Compromise

The Wall Street Journal also wondered a bit ago why it’s so hard for the two parties in DC to get along—”the two parties have a hard time even agreeing to disagree,” is the way they put it.

I think they’ve missed a key factor.  Here’s the basis for the WSJ‘s conjecture [emphasis in the original]:

Even when the differences between the two sides seem relatively small—whether, for example, to raise the top tax rate four percentage points for families earning more than $250,000, or whether to make that income level $450,000—compromise is difficult because both sides think important precedents would be set.  Today’s decisions will set the backdrop for broader debates on tax reform and spending later in the year.

When Republicans agreed to raise any tax rates at all, for example, they knew that they had opened the door for a new set of arguments about which rates and at what level.  The question had shifted from whether to raise rates to how—and that’s a significant shift.

It’s more than a significant shift.  It’s a complete surrender of a fundamental conservative principle: lower taxes, which benefits the economy and American citizens; don’t raise them, which achieves the opposite.

For the Democrats’ part, the WSJ says

Similarly, when Mr. Obama said he could accept the idea of reducing entitlement costs by embracing a formula for lowering cost-of-living increases for Social Security recipients, he was setting a precedent as well—a precedent saying that Democrats were willing to consider policies that reduced entitlement spending not just by holding down costs but also by reducing benefits to recipients.
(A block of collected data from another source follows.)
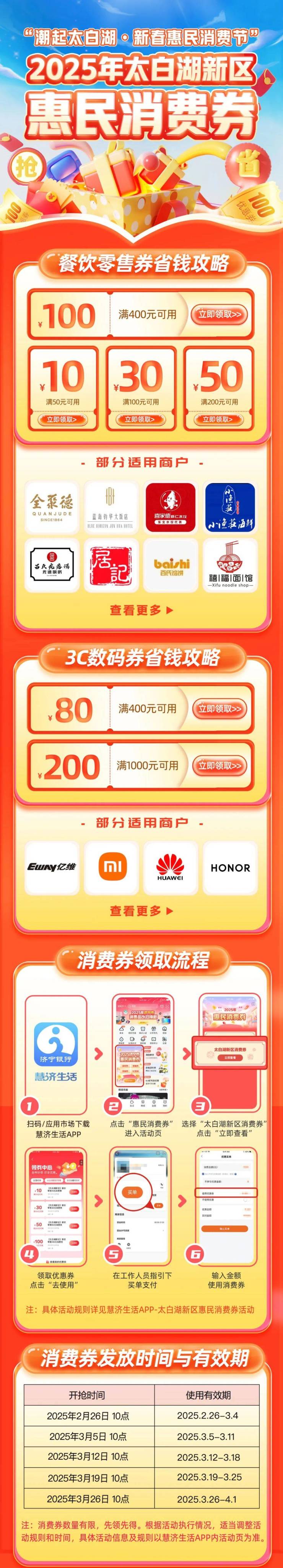 从本周开始,太白湖新区新春惠民消费券发放时间调整为每周三上午10点准时发放。请大家提前做好准备,准时在慧济生活APP的活动专区领取消费券。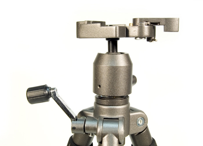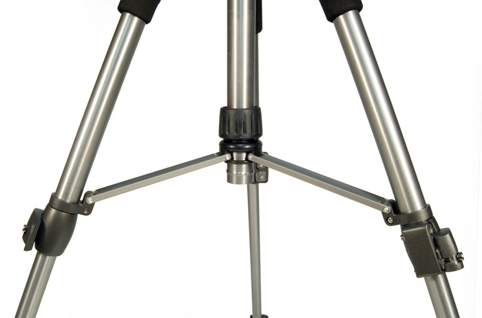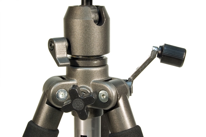 Ножки штатива фиксируются эксцентриковыми зажимами, благодаря чему на его сборку или разборку требуется всего несколько секунд. Удобные поролоновые накладки на ножках штатива облегчают его переноску в разложенном состоянии. Штатив имеет выдвижную центральную колонну с зажимным винтом, который надежно фиксирует ее в поднятом положении.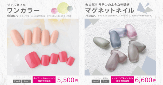 - 内容:初めてご来店の方にジェルワンカラーやマグネットネイルを特別価格でご提供。

But there is no precedent at all here.  The bit about Social Security was just idle chit-chat—bad faith negotiating.  There is no such thing in the actual deal; Obama accepted nothing related to entitlements, and he set no precedent at all.

Compromise requires a number of factors in order to be possible; among these are a need-driven interest in compromise.  The Republican Party has that interest—indeed, they beg for compromise, any compromise, so they can have a fig leaf of having accomplished something, and they’ve shown they’ll give away the store for the smallest trivium.  The Democrats, on the other hand, have no need of compromise, and so they have no interest in one.  They know that they can get whatever they want out of the Republicans—to the extent they need deal with them at all—because they know the Republicans will fold even on their most fundamental principles.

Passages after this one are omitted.